The F-Pace is one of those vehicles that looks better in person than in photographs. It has generous surface transitions, specifically in the body side that flatten out in 2D representations. The high belt line, or side glass window line, also gives the impression of a chunkier shape in photos versus in person. The exterior draws on elements from the F-Type sports car. It is a pretty good translation, especially from the back.

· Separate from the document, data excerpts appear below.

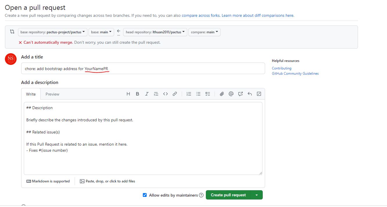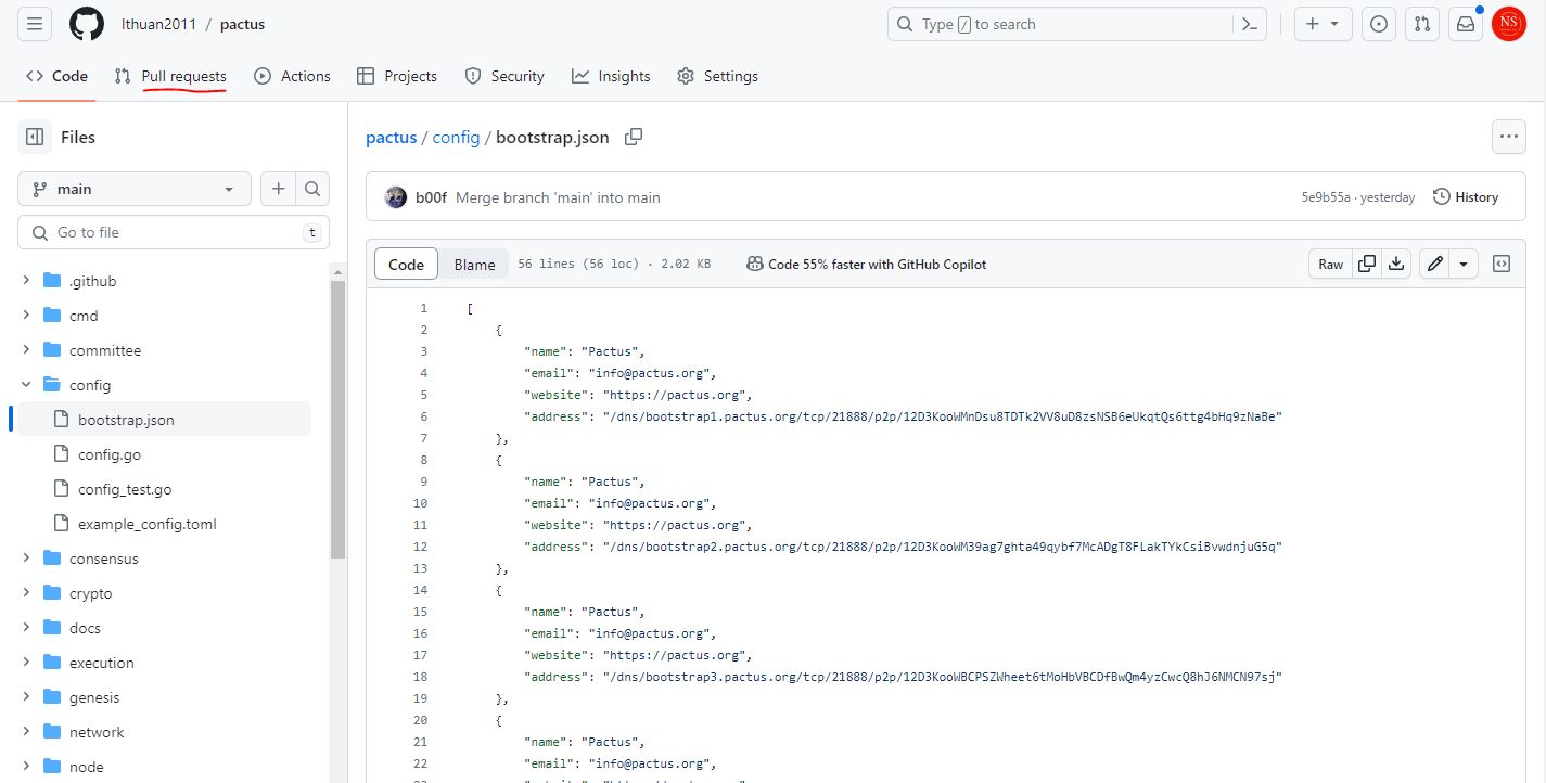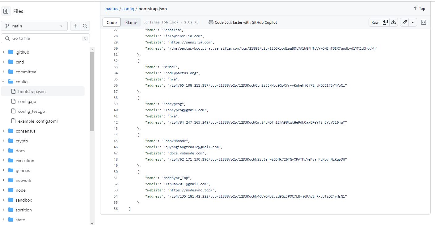 <figure><img src="https://2585830168-files.gitbook.io/~/files/v0/b/gitbook-x-prod.appspot.com/o/spaces%2FRzXvi3emVKzTi94K7StD%2Fuploads%2F7sfoEVTaE1ylVPkndaGN%2Ffork-pactus-bootstrap.JPG?alt=media&#x26;token=709dcfca-c9db-44c7-a2c1-aeff946b7ea1" alt=""><figcaption></figcaption></figure>
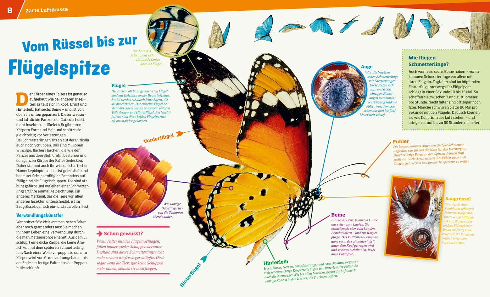 Schon dem Tyrannosaurus rex flatterten zarte Schmetterlinge um die Nase. Fossilienfunde zeigen, dass die ersten Nachtfalter bereits vor über 140 Millionen Jahren existierten. Die Tagfalter kamen erst später hinzu. Die Vielfalt der bunt geflügelten Wesen faszin...
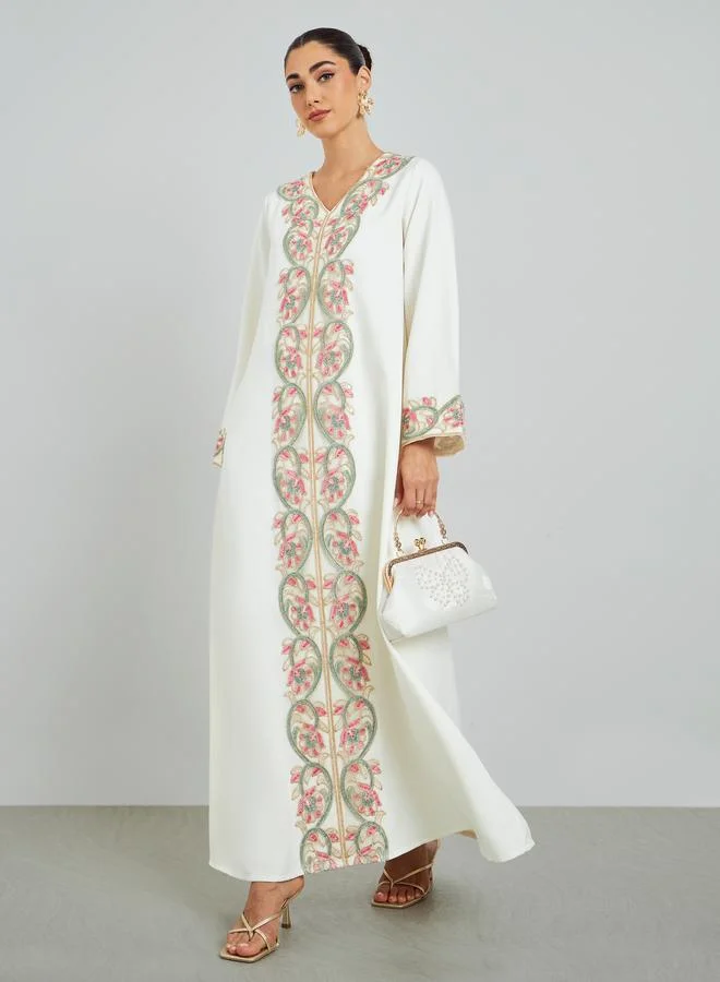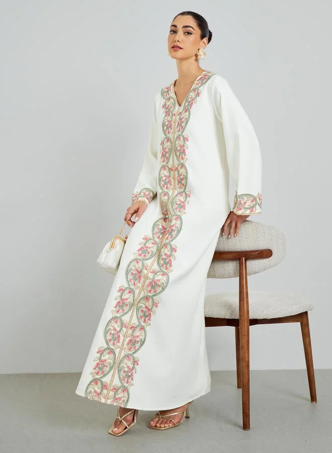 Amirah Cream Floral Embroidered A-Line Kaftan
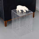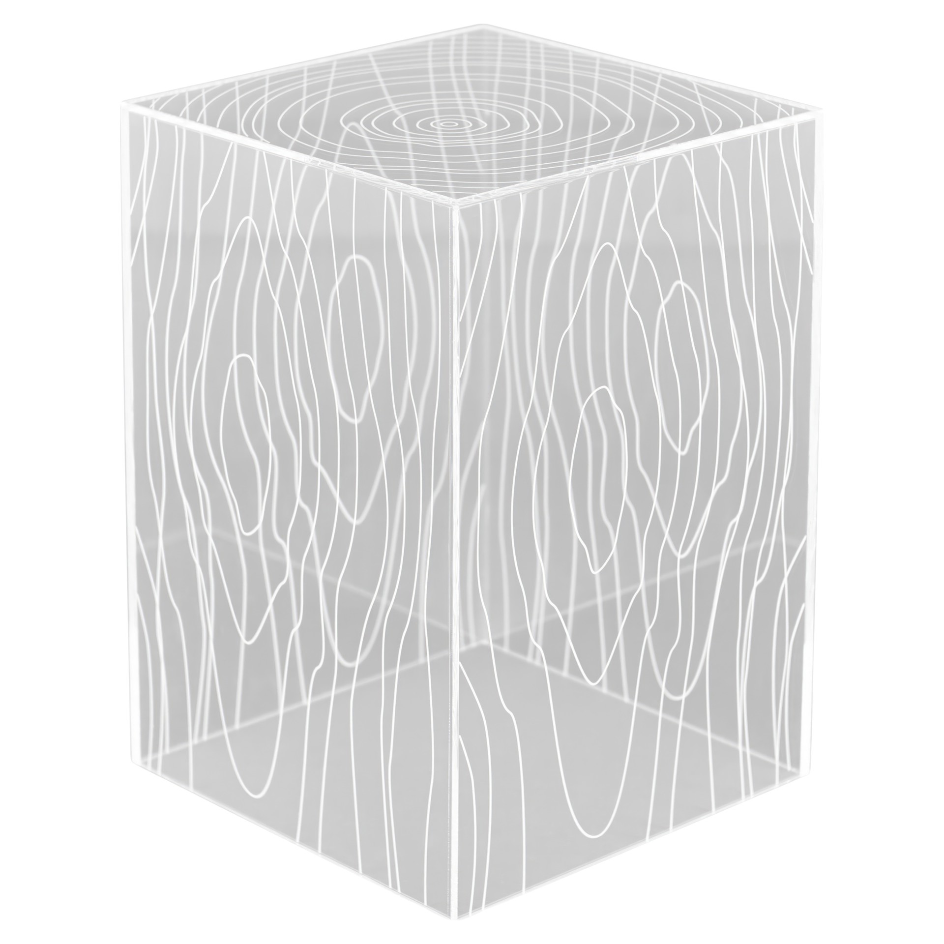 This side table playfully fuses wood grain patterns onto a five-sided acrylic box, juxtaposing organic lines with modern materials. It can be flipped over to create a stylish storage solution. Looks great in a group or as a stand-alone accent piece.
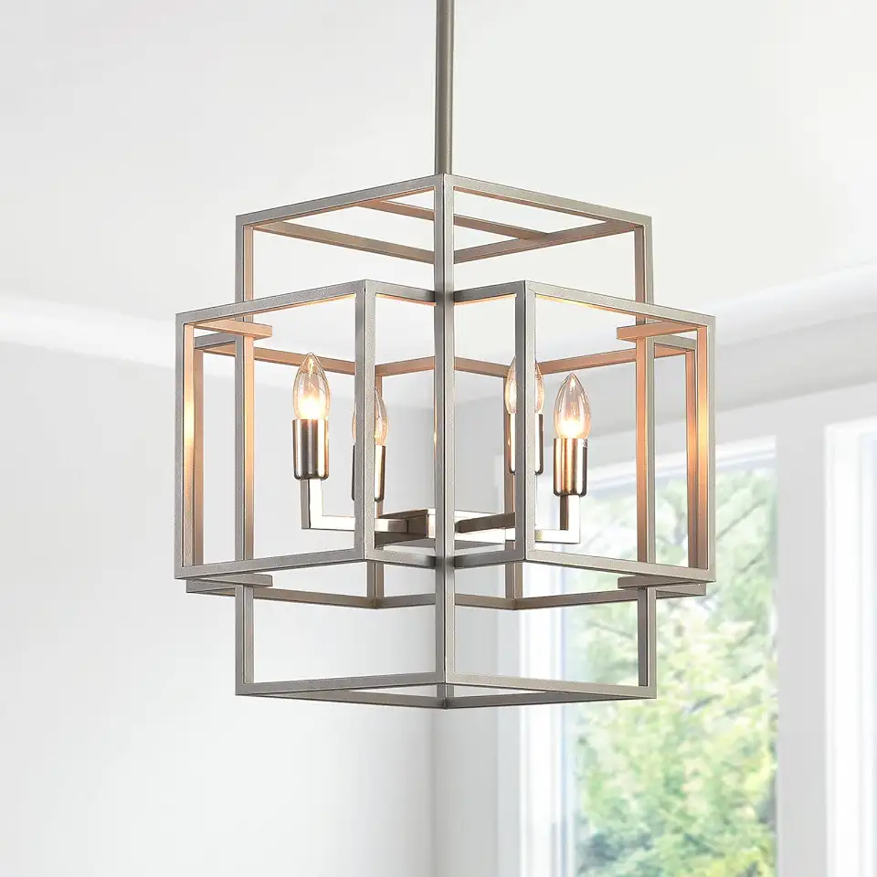 Modern Sliver Foyer Lantern Chandelier: 4-Light Farmhouse Rectangle Dining Room Light Fixtures Over Table Industrial Large Pendant Lighting High Ceiling for Entryway Kitchen Island Staircase Hallway
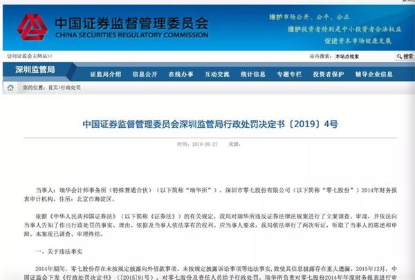 就在同一天,瑞华再次因为零七股份被深圳证监局处罚。此外,它还因康得新和千山药机两个案件正被证监会立案调查。
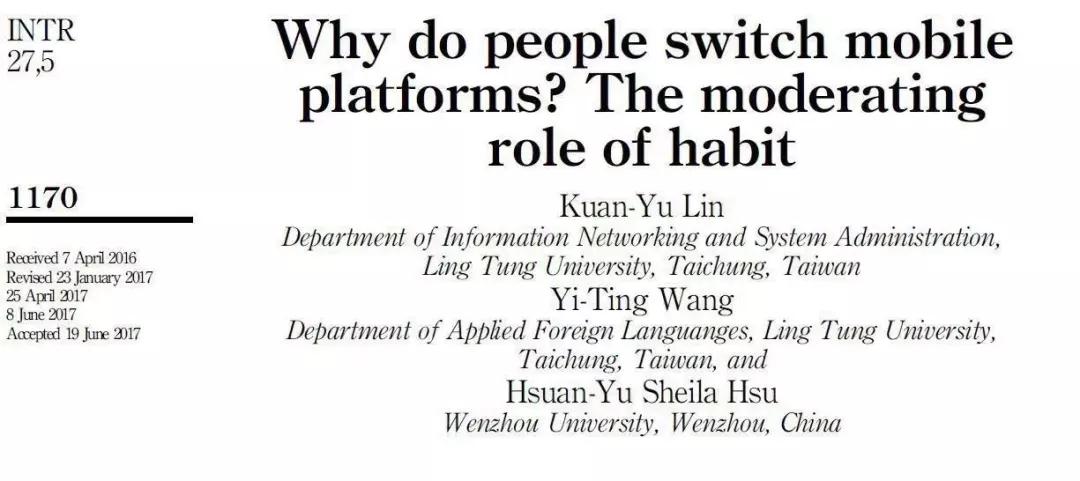 公司教师徐暄淯作为联络作者的最新研究论文《Why do people switch mobile platforms?The moderating role of habit》在国际期刊《Internet Research》发表。该论文从信息系统成功模式与价值理论视角,探究用户转换智能型手机系统平台的意图可能性。
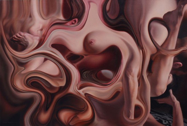 Series entitled “Together, yet apart” is consisted of paintings depicting a young couple’s intimacy. Distortions and scattered parts of their bodies are not only a result of an artistic expression – they create new, recognizable shapes (an egg, a silhouette of embryo, etc.) whose symbolism expands the pre existing narrative concept. In addition to the bodies’ gesture meanings, they suggest a turbulent human relationship that is the origin of numerous problems as well as challenges. The girl and the young man from each painting are friends of mine. Lives full of confrontations, disappointments and misfortune are not only their own – a huge number of young people all over the world live in a similar way, asking numerous questions both themselves and entire society.
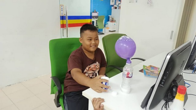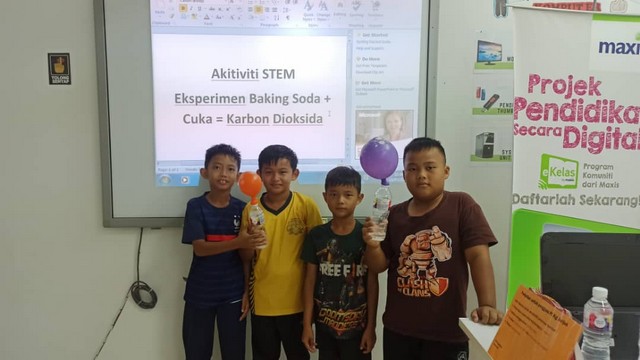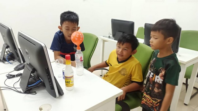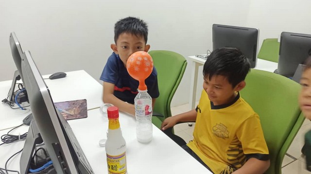 - Peserta disediakan dengan bahan seperti botol, soda bikarbonat, cuka dan balon.
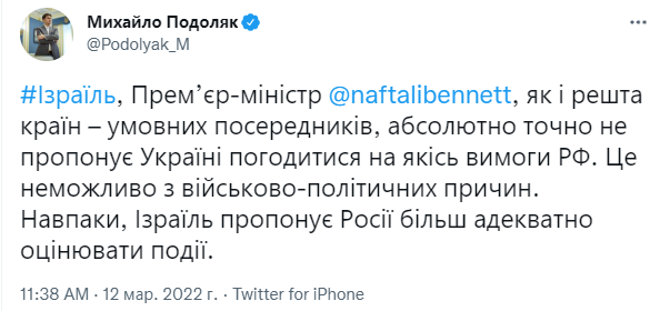 "[Премьер-министр Беннет- ред.] как и остальные страны - условные посредники, совершенно точно не предлагает Украине согласиться на какие-то требования РФ. Это невозможно по военно-политическим причинам. Напротив, Израиль предлагает России более адекватно оценивать события", - написал Подоляк.
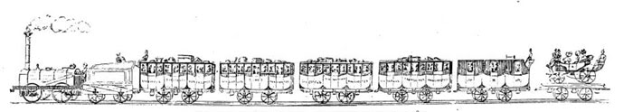 In consequence of the notice given that the Directors of the Railway were to visit Manchester on Monday morning a great number of persons assembled at the railway works, to see them take their departure. At 8.45am the directors consisting of Charles LAWRENCE, John MOSS, Joseph SANDERS, R. GLADSTONE, W. ROTHERHAM, R. HARRISON, H. EARLE, James BOURNE, D. HODGSON, and W. W. CURRIE Esq'rs, and Henry BOOTH Esq, the treasurer, took their seats in two of the new coaches provided for them, in which were also, Charles TAYLEUR Esq, John CROPPER, Jun, Esq etc, and after passing through the small tunnel, seven carriages laden with stone were attached to the engine. The weight of the two coaches with passengers was about 5 tons, 7 stone waggons, 27 tons, Engine, tender and water, 7 tons. gross weight 39 tons.
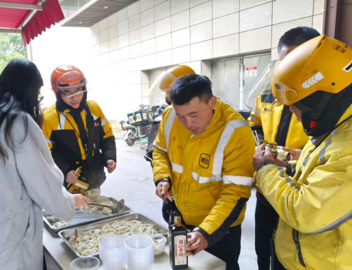 活動以包餃子為主線,在職工志愿者和社區網格員的協助下,騎手們圍在一起,邊聊邊包,氣氛溫馨熱烈。許多騎手從手法生疏到漸漸熟練,一個個元寶狀、月牙形的餃子逐漸擺滿桌面,包裹著濃濃的鄉情與歡笑。“在老家,小年一定要吃餃子,沒想到今年在南京也能親手包上。”一位騎手邊包邊笑著說道,言語中洋溢著感動與喜悅。
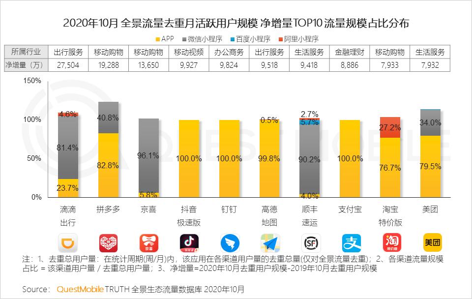1.1 全景生态布局下赋予各类应用新的活力,净增量TOP10应用中,近半数主要流量来源于小程序
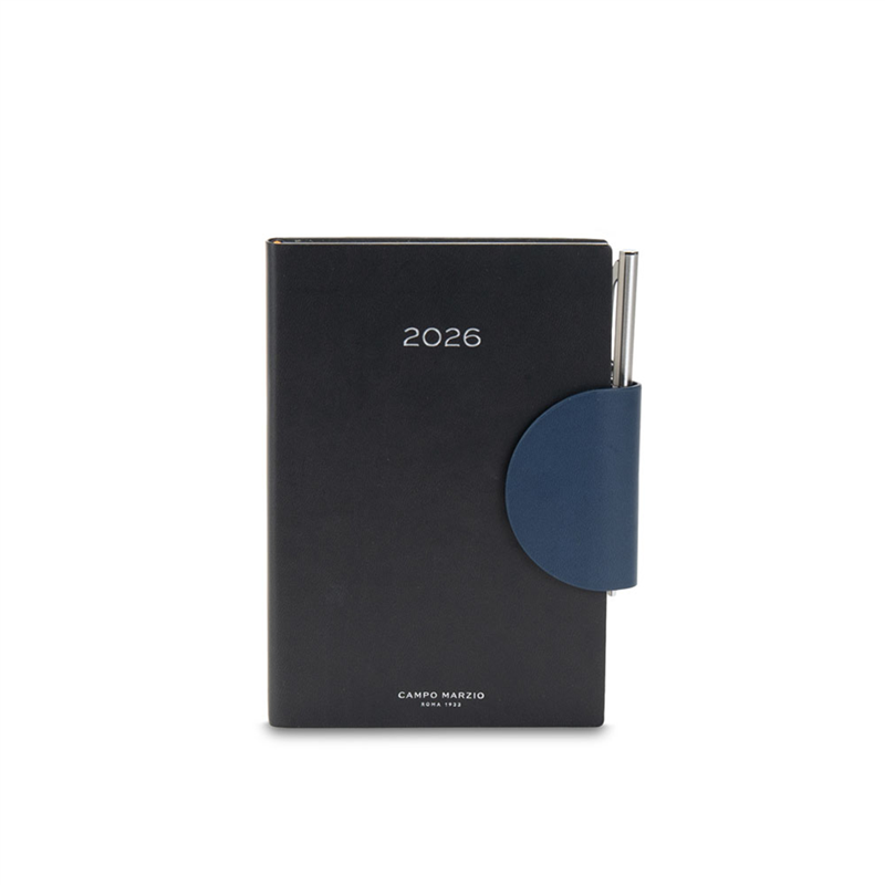 Agenda settimanale 12x18 cm, colore nero, del marchio Campo Marzio. Elegante e compatta, ideale per organizzare gli impegni quotidiani con stile. Copertina resistente, design raffinato, perfetta per professionisti e studenti.

The F-Pace is one example in a category of SUVs that show how car tastes are evolving. This model, like some others, aims to check off a lot of boxes spanning the fun to practical scale. While Jaguar has appealed to an individualistic breed of buyers looking for something different, the F-Pace represents a move toward mass appeal. It is a vehicle capable of handling the tough stuff and still maintaining Jaguar’s on-road performance heritage. Its looks appeal to sports car dreams with a soul that speaks to practicality.


The Jaguar team went to great lengths to find and plan a really unique venue for the launch that complimented the F-Pace. Both Montenegro and the Aman Sveti Stefan were inspiring places to see in person for their natural and historic beauty.


Sveti Stefan Beachfront.


Jaguar floated out an F-Pace into the Adriatic Sea each day.


Aman Sveti Stefan, a remarkable resort perched on a rock.


Legend of Zelda-like walkways within Aman Sveti Stefan.


More of the amazing stone architecture dating to the 1300’s.


One of the best spots to take in the deep blue hue of the Adriatic Sea.